2, TWO!! Two gray hairs have now been found. *Tear*
Thursday, July 23, 2009
Wednesday, July 22, 2009
I just noticed on my little ticker that Jason only has 4 months left before he graduates. I just can't believe it. When we moved here I thought oh boy 2 years!! I just thought that it would take forever. Well it hasn't taken forever, it has actually FLOWN by. I swear, I think time just gets faster and faster with every child you have, which is upsetting b/c I just want them to stay little forever as most mothers do. I wish there really was a Neverland then I'd let them go and live with Peter Pan so they could stay babies forever. But enough with hoping and wishing...it ain't gonna happen but what is going to happen is that in just a few more months Jason will be done with school and have a job and we will actually have the thing they call INCOME!!! I've almost forgotten what that is. I swear over the 6 years we have been married but even more in the last 2 since we've been here in Greenville in school, we have been abundantly blessed. It is a miracle that we have had enough money to get by every semester. We have done what we can and then our family has helped if we needed it but we have done amazingly well on our own with what we have. I don't know why the Lord has done so much for us, at times I feel that we don't deserve it but I guess He keeps blessing us just b/c He loves us.
Well like I said I just noticed the number of months left on the ticker and I got excited. I'm ready for the next step in life. Jason and I both have felt like we were in between stages. We have been married for a good number of years and we have kids but still treated kinda like kids ourselves b/c of still being in school and not in a career yet. I'm hoping that with a job that we will hopefully be looked at like adults.

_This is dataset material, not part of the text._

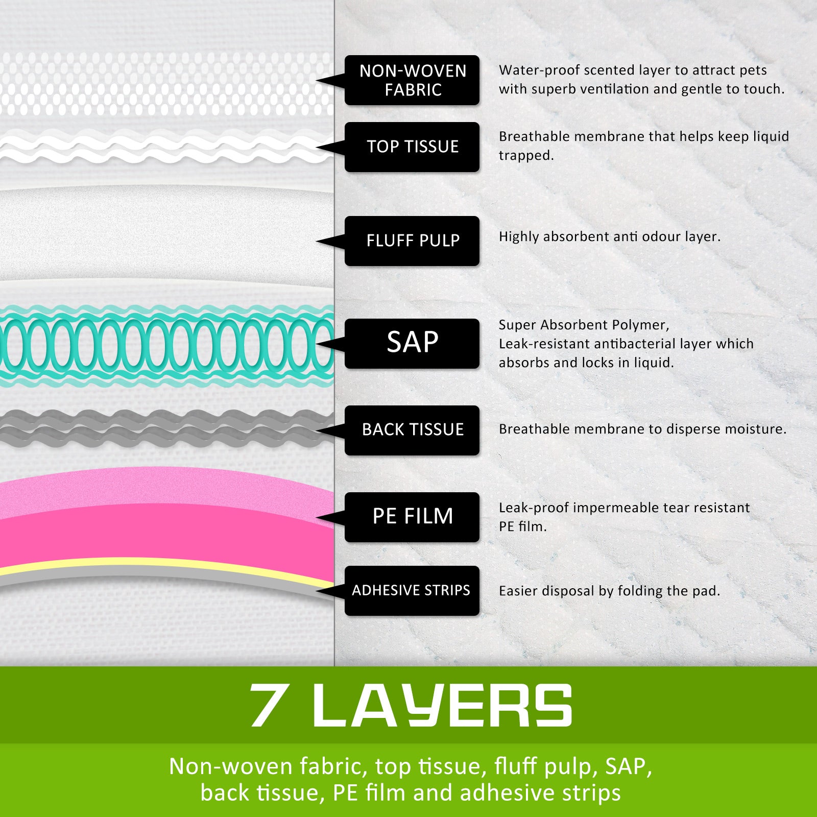 - 7 layers of protection: Non-woven fabric, Top tissue, Fluff pulp, SAP, Back tissue, PE film and adhesive strips

We aren't exactly sure where, meaning what city, we will end up in but I think that our first choice in back in Fayetteville/Hope Mills. But just getting a job is most important whether it be here in Greenville or Fayetteville or else where and of course, the dollar signs ($$$) do count for something as well. Personally, I hate this stage, not knowing what you'll be doing in a very short period of time. Knowing that you are most likely moving but you don't know where to, knowing all the work you'll have to be doing in just a few months but you can't really start on b/c you just aren't sure what you are doing. Yeah I HATE it!!!! Oh well, there's not much I can do about it so I guess I should just stop the whining. Well thanks for listening, I do feel better. Though I may not know what's going to happen in the next little while, I'm still really excited to get there.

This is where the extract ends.